The afternoon changes in the currency market are very limited. The EUR/USD pair remains close to the 1.20 boundary. Also, changes in the pound are relatively small once the fluctuations related to the publication of retail sales data on the British Isles was published. The franc, one of the global risk indicators in the world, also remains low especially in relation to the euro. The EUR/CHF pair is moving above the 1.1500 boundary.
There is a slim chance for significant changes until the Federal Reserve meeting this evening. Market participants, not only the foreign exchange ones but above all the debt instruments, will want to learn from the Fed what the attitude of the US monetary authorities towards future inflation and the level of interest rates is.
The core scenario is to leave the majority of forecasts (especially those for 2017 and 2018) unchanged. Given that part of the market assumes lowering the median of future interest rates, the implementation of the underlying solution should increase the yield on US treasury bonds and the dollar.
However, it is unlikely that this will be a surprise in the context of other issues raised during the previous months. A real change in interest rates at the current meeting is unlikely. This is due to low inflationary pressure and June's FOMC projections.
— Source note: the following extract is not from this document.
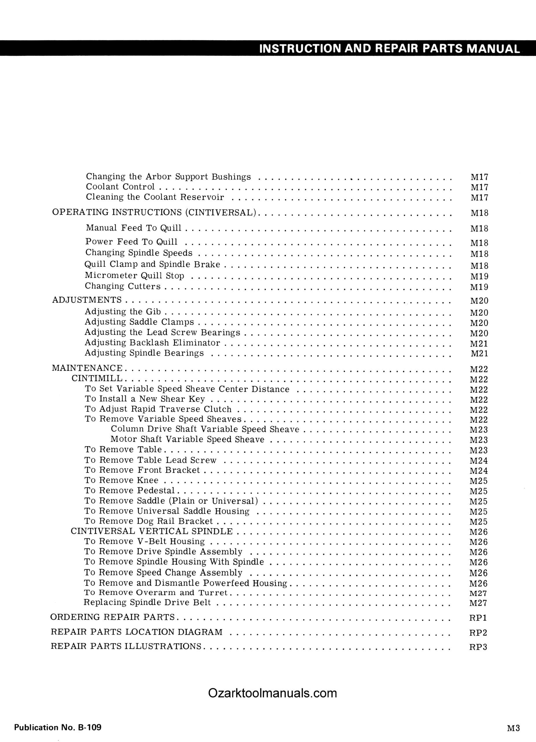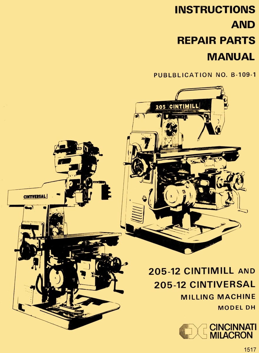 This is a reproduction, not a photocopy, of an original Cincinnati Milacron CINTIMILL and CINTIVERSAL 205-12 model DH Horizontal and Vertical Milling Machines Instructions Service & Repair Parts Manual. This manual contains the mill dimensions and installation instructions for both the plain and universal models. The mill manual includes lubrication and maintenance instructions. It shows how to properly operate these mills, and shows how to make various adjustments. For example, it shows how to adjust the spindle bearings, the backlash eliminator, and the traverse clutch. The manual also includes a lot of clear explosive view diagrams of all the different parts for these Cincinnati CINTIMILL and CINTIVERSAL Milling Machines with parts list.

Additionally, at today's meeting, the date of starting the Fed balance sheet reduction should be announced. Many details of this operation are already known. The Fed wants to start with a monthly reduction of 6 billion USD in treasury bonds and 4 billion USD in mortgage-backed instruments (MBS). After each quarter, this figure will be increased by a further 6 billion and 4 billion to reach 30 and 20 billion on bonds and MBS respectively. The only unknown factor is when these measures will start. It is most likely to be in October. This information should not cause more movements on the market.
Stable zloty. Positive data on the budget's realisation
Time for good data from the Polish economy continues. To the strong increases in industrial production published by the Polish Central Statistical Office (GUS) yesterday joined estimates of the Ministry of Finance on the budget. In the period January-August, the national budget had a surplus of less than 5 billion PLN. Only a few weeks ago, they were afraid that after August they would already have a deficit. Of course, this is good information for the zloty, although the reaction on the PLN after the announcement was very limited.
The next hours to the Federal Reserve meeting should not bring greater movements in the national currency. However, the statement from the Fed may be a bit more hawkish than it is valued by the market, which would probably weaken the zloty despite positive reports from the country. In such a scenario, it is possible that the EUR/PLN pair could increase by approx 2 gr and in relation to the dollar by even 4-5 gr.